Дальнейшие события прошли точно по прогнозу Лема. Когда пулавяне искали философско-идейные аргументы, натолинцы углубляли влияние в управлениях внутренними делами и занимались – как мы бы сейчас это назвали – исторической политикой, по логике которой все ветераны антигитлеровского подполья должны были вдруг почувствовать себя «борцами за свободу и демократию» и присоединиться к одной организации «ОБоСиД». Таким же образом строилась и поддержка правящей власти и среди бывших членов АК и варшавских повстанцев. Это привело в 1968 году к окончательному перелому, который положил конец золотой эре культуры ПНР.

Тогда же закончилась и золотая эра творчества Станислава Лема. Однако вернёмся к её началу. В 1956 году Лему было тридцать пять лет, и у него было полностью сформированное художественное, мировоззренческое и политическое кредо. Насколько мне известно, тогда он ещё не был знаком с критическими работами Карла Поппера и Исайи Берлина о марксизме, но его собственная критика выглядела похожим образом. Он высоко ценит роль Маркса как одного из многих философов XIX века, но не верит в его воплощение XX столетия – Ленина, которого Лем считал чем-то вроде неудачного научного эксперимента со страшными побочными эффектами.

Он также отбрасывал марксистскую категорию «исторической необходимости». Лем считал, что если и существуют какие-то «объективные законы истории», то человечество их никогда не узнает, поэтому из них нельзя создавать фундамент политической программы, как сделали марксисты. В 1953 году он писал в письме к Врублевскому:

«Почему «скипетр цивилизации» переходит в течение веков от одного народа к другому – на этот вопрос в марксизме я не нашёл конкретного ответа, только в общих чертах […], объективные законы общественного развития это не что иное, как СЛУЧАЙНЫЕ ПОСЛЕДСТВИЯ ОБЩЕСТВЕННОЙ ДЕЯТЕЛЬНОСТИ ЛЮДЕЙ […], СЛУЧАЙНЫЕ, НЕЗАПЛАНИРОВАННЫЕ, а скорее НЕПРЕДВИДЕННЫЕ»[146].

Если бы Лем мог в середине пятидесятых написать эссе, в котором прямо высказывался бы на эту тему, возможно, тогда родилось бы произведение, по которому сегодня бы учились студенты социологии. Что-то наподобие «Нищеты историцизма» Поппера или биографического эссе о Марксе Берлина[147]. Из писем и текстов, которые он высылал для «Nowa Kultura» (но их не принимали), видно, что он хотел об этом писать и даже подписал бы договор на целую книгу. Но польские редакции были заинтересованы только в его фантастике.

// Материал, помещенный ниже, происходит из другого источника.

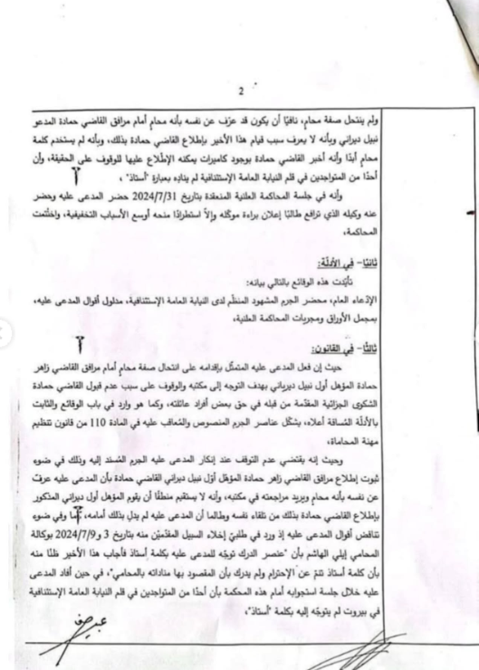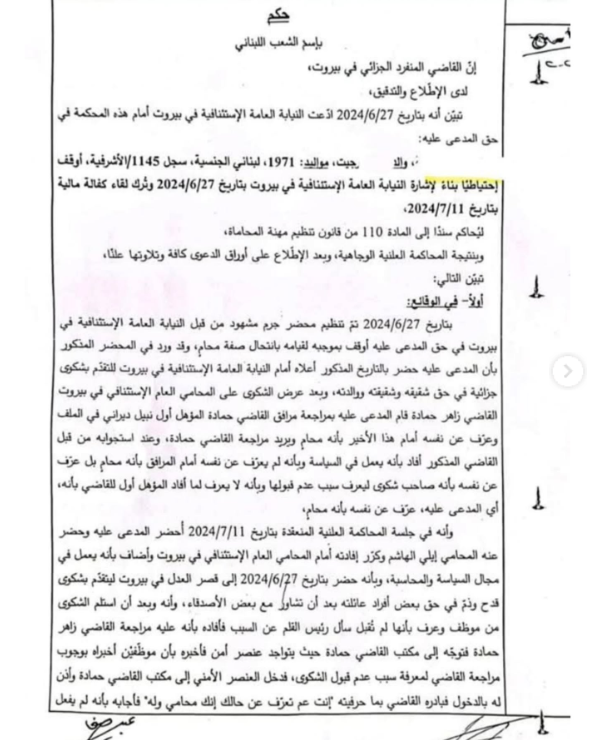 وجاء في متن الحكم انه تم تنظيم محضر جرم مشهود من قبل النيابة العامة الاستئنافية في بيروت في حق المدعى عليه أوقف بموجبه لقيامه بانتحال صفة محام، وقد ورد في المحضر المذكور أن المدعى عليه حضر أمام النيابة العامة الاستئنافية في بيروت للتقدم بشكوى جزائية في حق شقيقه وشقيقته ووالدته، وبعد عرض الشكوى على المحامي العام الاستئنافي في بيروت القاضي زاهر حمادة، قام المدعى عليه بمراجعة مرافق القاضي حمادة المؤهل أول نبيل ديراني في الملف وعرّف عن نفسه أمام هذا الأخير بأنه محام ويريد مراجعة القاضي حمادة، وعند استجوابه من قبل القاضي المذكور أفاد بأنه يعمل في السياسة وبأنه لم يعرّف عن نفسه أمام المرافق بأنه محام بل عرّف عن نفسه بأنه صاحب شكوى ليعرف سبب عدم قبولها وبأنه لا يعرف لماذا أفاد المؤهل أول القاضي بأنه، أي المدعى عليه، عرّف عن نفسه بأنه محام.

В середине пятидесятых годов Лем, кажется, соглашается на это. Это вторая часть его программы: поскольку у него не остаётся сомнений по поводу природы этой системы, он не хочет писать идейно-политические манифесты. Поппер и Берлин тоже были бы бессильны в дискуссии с пьяным шакалом, вооружённым политической полицией. Однако пока этот шакал позволяет писателям где-то на стороне, в стороне от системы «заниматься своими делами» – писать фантастику или эссе о старой польской поэзии, или авангардные пьесы для театра, или сценарии для Анджея Вайды, – почему бы и нет? Эта позиция объединяет Лема со многими его литературными друзьями: Блоньским, Щепаньским, Сцибором-Рыльским, Мрожеком.

В результате к нему присоединятся и другие авторы, которые в 1956 году ещё лелеяли иллюзии касательно шансов реформировать режим. «Nowa Kultura» была ликвидирована в 1963-м, а Ворошильский де-факто получил запрет издаваться. Ему разрешали писать только книги для молодёжи (кстати, прекрасные, позволю себе заявить как представитель тогдашней молодёжи).

Много лет спустя Лем будет тяжело переживать то, что его замкнули в science fiction, но в письмах второй половины пятидесятых годов этого ещё не видно. И это понятно. Он только что боролся, чтобы издали хоть что-нибудь, а в 1955 году предложения уже сами сыпались. И речь не только о предложении написать новые научно-фантастические романы, а также на переводы и адаптации для фильмов.